Come vivere il Vangelo nella società secolare, dove siamo una minoranza. A Vienna posso dire che con quasi il sessanta per cento di matrimoni che finiscono in divorzio, la famiglia cristiana non rappresenta oggi la normalità, bensì l’eccezionalità. 
Cosa vuol dire questa situazione per noi preti? Penso che dobbiamo imparare di nuovo cosa vuol dire vivere nella diaspora. Siamo molto deboli, ma minoranza non vuol dire essere una setta. Per la prima delle nostre assemblee diocesane, io ho formulato cinque sì per delineare la nuova evangelizzazione. Il primo sì è il sì all’oggi, al nostro tempo. Lasciamo la nostalgia degli anni Cinquanta, quelli della mia infanzia, nel villaggio, quando la chiesa si riempiva di gente per tre volte ogni domenica. Tutti in chiesa. Lasciamo la nostalgia per la vitalità dei nostri oratori degli anni Cinquanta e Sessanta. Diciamo sì all’oggi: Dio ama questo mondo, e noi dobbiamo avere uno sguardo di amore, di simpatia al mondo nel quale viviamo. Amiamo l’oggi nel quale viviamo. Il secondo sì e un sì consapevole e deciso a quella che è la nostra situazione. La decrescita dei cattolici, il lasciare tante cose, il veder morire tante cose che amiamo. Un sì al “bel funerale”, come amano i viennesi. Sì, è la nostra situazione. Molte cose moriranno, ma Dio ci ama nella nostra situazione.

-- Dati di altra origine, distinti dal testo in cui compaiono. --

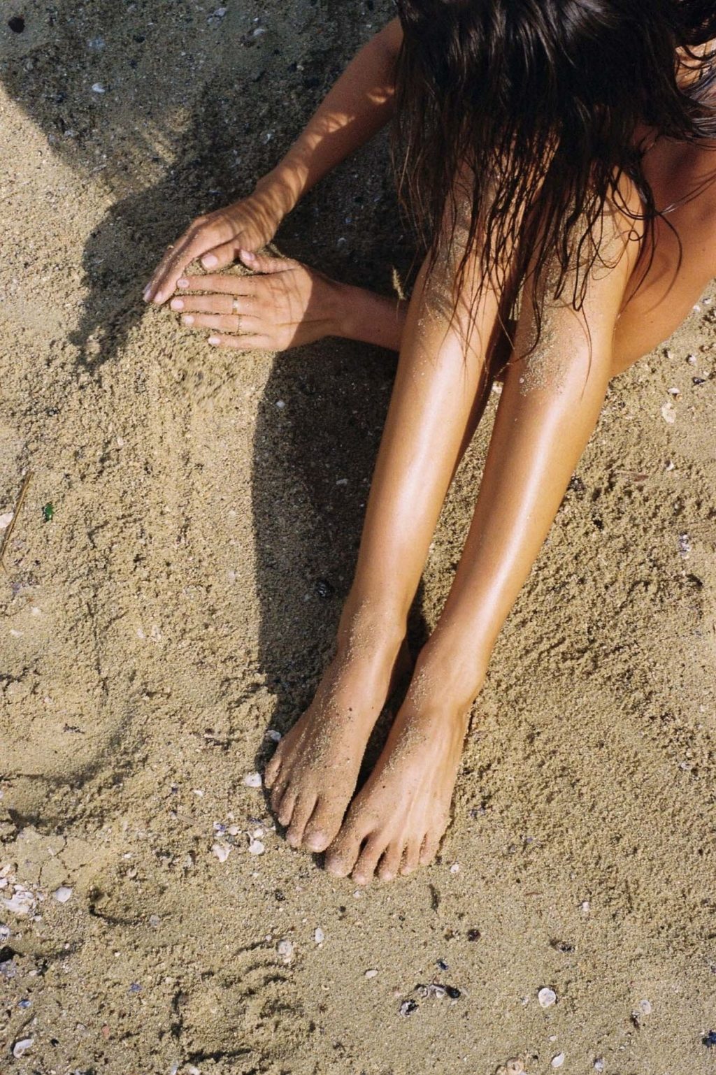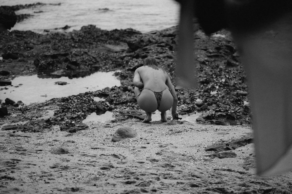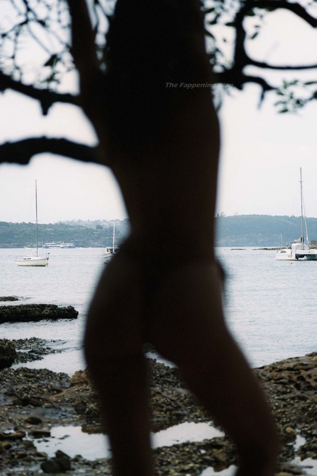 La modella Kristina Mendonca posa topless e mostra il suo minuscolo bikini sulla spiaggia di Sydney, Australia, in un servizio fotografico di Jonny Seelenmeyer (2020).
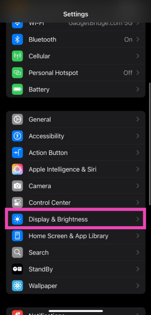 ステップ1:行きます設定選択します表示と明るさ。
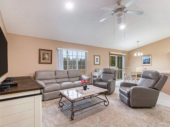 Welcome home! You are sure to love this charming walkout ranch nestled at the end of a quiet cul-de-sac. This beautiful home offers both convenience & privacy, with serene, wooded views and abundant wildlife right out your backyard. Step into a spacious 26' Great Room featuring cathedral ceilings, spacious kitchen, a stylish island, and a dining area with a slider leading to the deck, perfect for entertaining or unwinding. The main-floor primary boasts a wall of closets, while the 2nd bedroom includes a generous dressing room-style closet for ample storage. The finished walkout lower level expands the living space with a bright family room that opens to a patio, a large bedroom with double closets, 2nd full bath, and a conveniently located laundry room. You'll also appreciate the utility room, offering plenty of additional storage. Lovingly maintained by the owner for over 5 years, this home features numerous updates, including a new 50-year shingle roof (2019), a new furnace & central air (2022), a new water heater (2019), and some fresh paint, newer carpet, making it truly move-in ready. Hurry, this is the one! Schedule your private showing today! The seller directs the listing agent to hold all offers until Tuesday, March 4th at 1:OO pm.
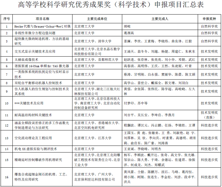 联 系 人:徐向平根据《教育部办公厅关于推荐2014年度高等学校科学研究优秀成果奖(科学技术)的通知》要求,现将我校拟申报2014年度高等学校科学研究优秀成果奖(科学技术)的项目(项目汇总表见附件),在校内进行公示并征求异议,公示期为7天。
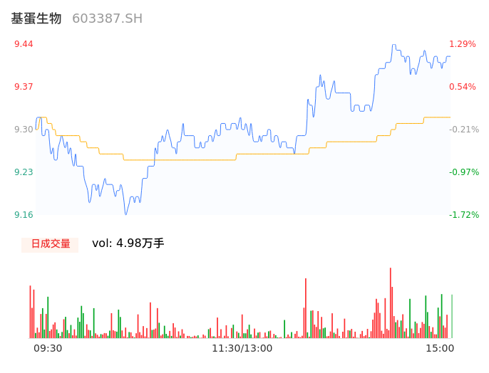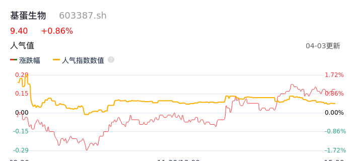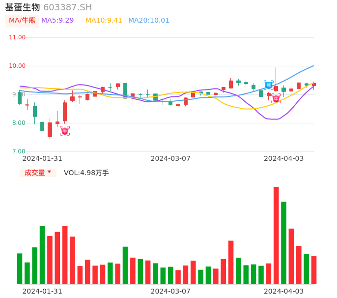 04月03日,基蛋生物收报9.40,股价涨幅0.86%,成交金额4642.45万元,换手率0.98%。
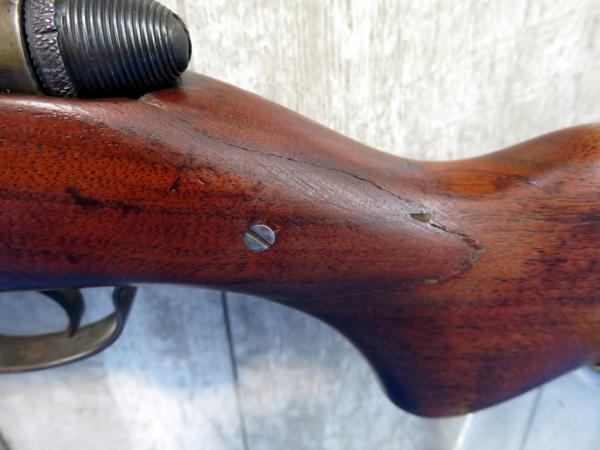 24" BBL; wood has good color; stock has been repaired on left side behind trigger; bluing thin; no SN#
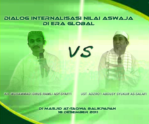 PCNU Balikpapan menggelar Dialog Terbuka Antara KH Muhammad Idrus Ramli asy-Syafi’i dengan Ustadz Adzro’i Abdusysyukur as-Salafi seorang tokoh Wahabi. Dialog yang bertema “Internalisasi Nilai Ahlussunnah Wal Jama’ah (ASWAJA) di Era Global” ini dikemas sekaligus dengan acara bedah buku “Kiai NU atau Wahabi Yang Sesat Tanpa Sedar? Jawaban Terhadap Buku-Buku Mahrus Ali”,
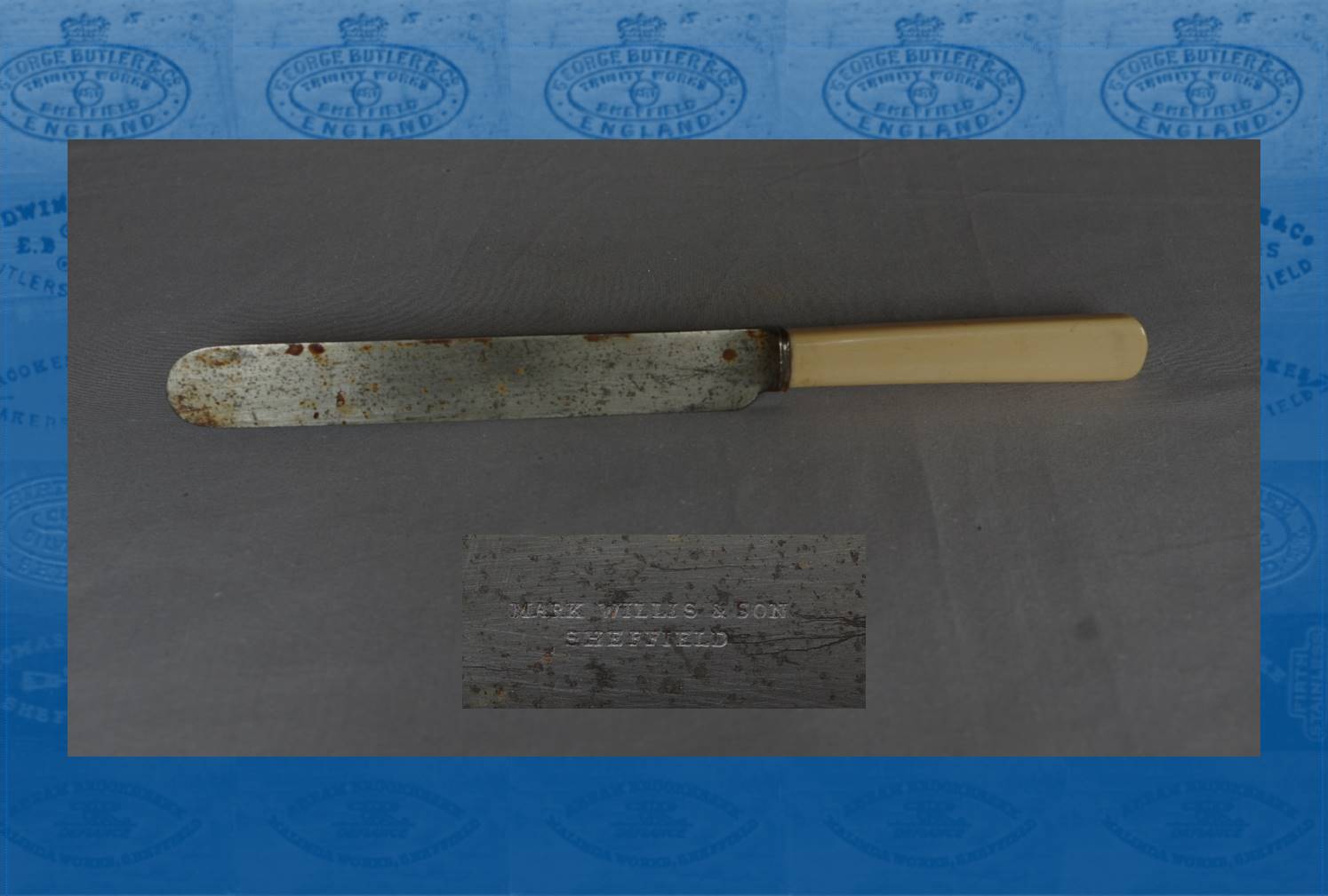 Mark Willis (1842-1915) was born at Melton Mowbray, the son William Willis, a tailor, and his wife Ann. Aged thirteen, he came to Sheffield to learn silversmithing at W. W. Harrison, which was then in Pepper Alley. He became manager. After a brief spell at Birmingham, he applied for a job at Hutton’s, but he considered the pay so poor that he decided to go-it-alone. Apparently, his brother (a steel maker) advised against doing so, but with the help of Joshua Maxfield he started a workshop at Exchange Gateway. In 1875, he registered a silver mark from Exchange Works, Fargate. In the early 1880s, he moved to Tudor Place, where in 1881 he employed five men and four boys. His residence was Poplar Villa, Oakdale Road. In about 1889, he moved his silver and electro-plate business to Exchange Works, Rockingham Street.

Lo studio del popolo d’Israele in esilio è una scuola tremenda per noi, oggi. Ma dobbiamo vedere i segni buoni nel nostro tempo. Anche laddove non c’è chiesa. Il terzo sì è il sì alla nostra vocazione comune di battezzati. Io insisto molto sul sacerdozio comune di tutti i battezzati. Tenere a mente la “Lumen Gentium”, testo capitale, nel quale si parla della relazione tra il sacerdozio comune dei battezzati e il sacerdozio ministeriale degli ordinati. Il Concilio parla di una differenza essentia et non gradu tantum, una differenza di essenza e non solo di grado. Differenza essenziale. Noi non siamo un grado superiore dell’essere cristiano. Il sacerdote ministeriale è essenzialmente a un altro livello del sacerdozio battesimale comune. Quando il cardinale Ratzinger è diventato prefetto della congregazione per la Dottrina della fede, io ero già membro della commissione teologica internazionale e così ho conosciuto l’usciera del palazzo del Sant’Uffizio, Clelia. Nel 1982 o 1983, ho chiesto alla Clelia com’era il loro nuovo prefetto. E lei: “E’ un vero cristiano”. Ebbene, ecco, se questo si può dire di uno di noi, preti, vescovi, cristiani, è una bella testimonianza.
[...]
L’ultimo sì è al nostro ruolo per la società. E questo anche se siamo minoranza, anche se politicamente in molti campi in Europa non abbiamo più il potere di imporre la legislazione che ci piacerebbe o che corrisponda al diritto naturale. Pensiamo al discorso dell’aborto, dell’eutanasia, alle discussioni drammatiche che chiedono il diritto umano all’aborto, la limitazione della libertà di coscienza dei medici. Nonostante siamo pochi, abbiamo il ruolo del sale, che è sempre in minoranza. Non piacerebbe, infatti, una pasta dove il sale è in abbondanza. Le nostre parrocchie, le nostre comunità, i nostri movimenti, conventi, associazioni, sono una grande rete di carità, di misericordia, di coscienza sociale. E quanto più la rete sociale della società diventa debole, tanto più importante diventa l’impegno cristiano nella società.